There is a terrific book by a father-and-son team called Hidden Madrid.  I recommend it to anyone looking for a little more depth into this city.  You realize the visible delights aren’t all this city has to offer.  While the book focuses onMadrid history and curiosities, I assure you that ordinary places like El Tulipán easily form another part of this Madrid’s hidden charm.  The difference is, these places are as visible as they are unperceivable.

December 28th: A Day to Remember

Ok, I admit it.  This is not Madrid this morning.  I have absolutely no imagination.  Every year on December 28th I use the old “It’s snowing in Madrid” trick to dupe the unwary on the Feast of the Holy Innocents.  To do this in English doesn’t quite garner the amusement it should as most people from beyond Spain’s border are not aware that this is this country’s equivalent of our April Fool’s Day.  It’s also not entirely impossible for it to snow at this time of the year, even in Madrid.  This happens to be a genuine caption of the Retiro Park from a fairly thick snowfall years ago.  So it’s pretty easy to pull a fast one on the rest of the world.

    I didn’t quite expect to catch many people off guard here though.  Even my daughter who is down in Cádiz gave me the old, “Dad, please.  What do you think I am, stupid or something?”  Part of that has to do with the fact I think I say the same joke year in and year out.  But a few did take the bait.  One was my other half who is currently in a distant land which is habitually blanketed in snow at this time of year and rattled with cold and wind.  Right now she is telling half her country that we are buried in frozen precipitation.  Even my friends from a certain online magazine from this city contacted me to check on what part of Madrid I was referring to.  So maybe the old trick still has a little of its trickiness left in it.
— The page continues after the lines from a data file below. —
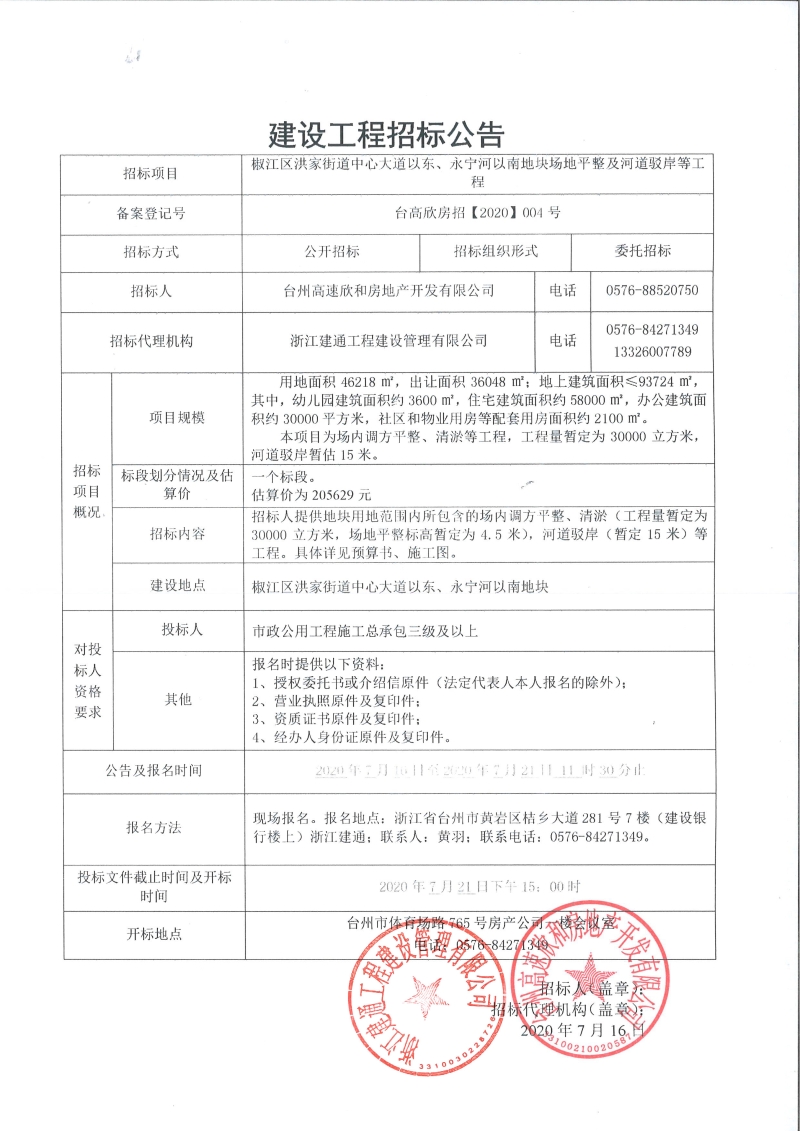 椒江區(qū)洪家街道中心大道以東、永寧河以南地塊場地平整及河道駁岸等工程招標公告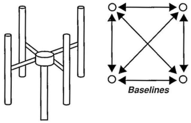 图 8.22 四根垂直偶极子可形成六条基线,用于干涉仪测向系统。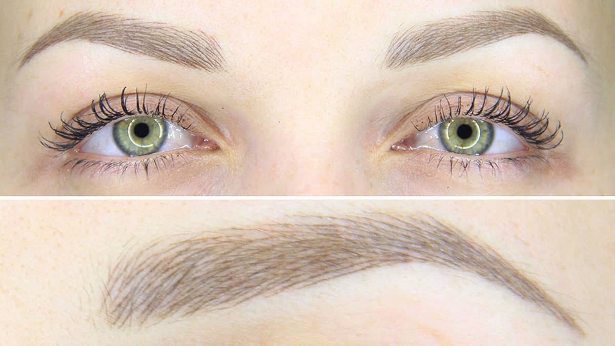 - Волосковая прокраска. Один из способов получить эффект естественных бровей. Для этого способа используется тонкая игла, краска наносится небольшими штрихами. Главной особенностью является то, что для такого макияжа не требуется удаление «своих» бровей;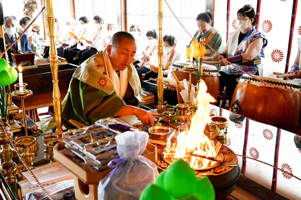 護摩祈祷とは、護摩木を焚き上げ、仏さまの智慧の炎を通じて願いを祈る特別なご祈祷です。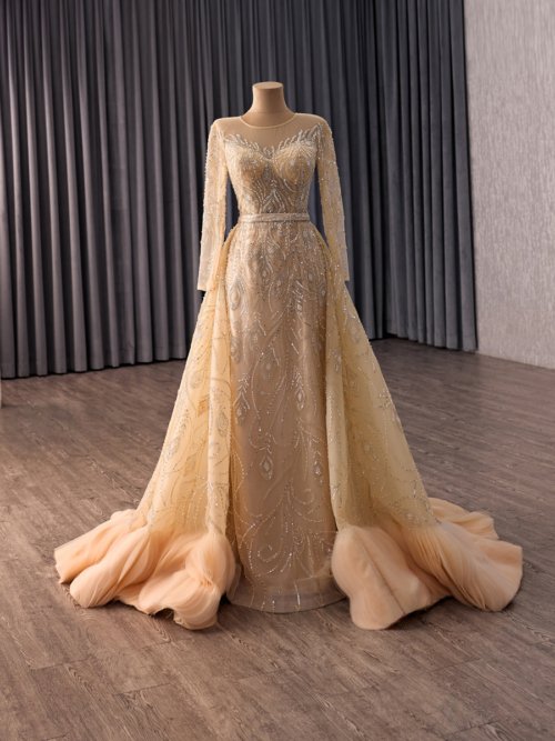 • Elegant Champagne Evening Dress Long Sleeves Beaded Sequins Mermaid Gown Formal Party Dress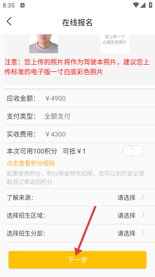4、在在线报名页面,按要求填写信息,完成后点击【下一步】按钮,继续后续报名流程。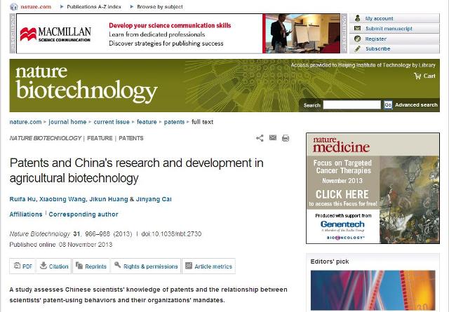 编辑:党委宣传部 阅读次数: 日前,北京成人头条管理与经济学院胡瑞法教授、蔡金阳博士与中科院农业政策研究中心黄季焜教授、王晓兵副教授合作撰写的论文《Patents and China's research and development in agricultural biotechnology(专利和中国农业转基因生物技术研究)》被国际著名学术期刊《Nature》子刊《Nature Biotechnology》接收并发表。这是作者继去年在Nature Biotechnology上连续发表了两篇论文之后,第三次在该刊发表论文。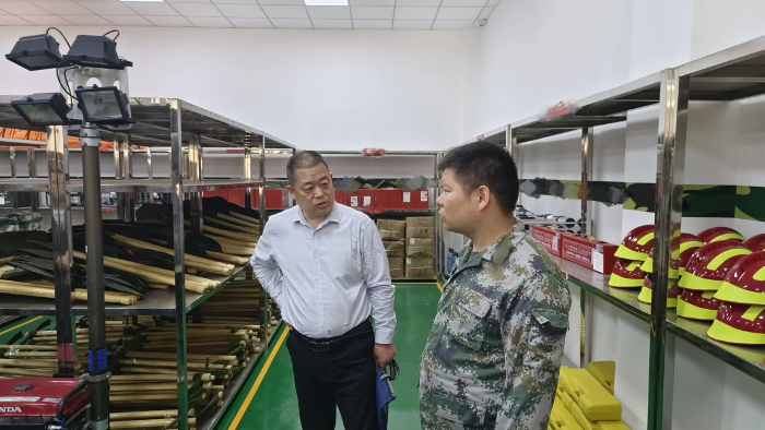 席建明每到一个队伍办公场地,先后查看了队伍的物资装备仓库、日常训练室、会议室等场所。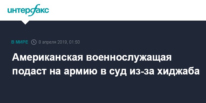 Москва. 8 апреля. INTERFAX.RU - Ветеран американской армии, сержант Сесилия Валдовинос вместе с адвокатом Майки Вайнштейном подаст в суд на вооруженные силы из-за отношения к хиджабу, сообщил телеканал ABC News.
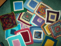 Note from the designer: An advantage of this pattern for using bits of yarn is that, since there is no end to rows or rounds, you can just tie on a new yarn when your previous yarn ends. You can also alternate yarns "round by round" to make it look stripey. Fun yarns can be included for a row or two to give the square interesting texture.

      Leave it to the Spanish to come with one of the most unusual historical events as a motive for sticking “Kick Me” signs on each other’s back.  December 28th, I think I have mentioned this before, I am sure I have mentioned this before, commemorates the massacre of all the children under the age of two in Bethlehem.  Herod knew the possible threat was a newborn, but for good measure, just in case he was off by about 730 days, took no chances.  The victims were later known as the Santos Inocentes, and from the idea of “innocent”, as in “gullible”, came the excuse for pulling a person’s leg.  It’s quite a road from mass infanticide to harmless pranks, but at some point, the transformation was made.

     The doubly ironic point is that the event itself is the subject of enormous historical scrutiny, as many, if not most exports, cast serious doubt that it ever took place.  I certainly hope that is true.  It also wouldn’t be surprising, since, upon further consideration, one comes to the conclusion that many Spanish holidays are based on facts that seem anything but factual.  Here’s a sampling:

     Saint James’ Day (July 25th) – Patron saint of regarded as the evangelizer of Spain, chances are he never set foot in this land.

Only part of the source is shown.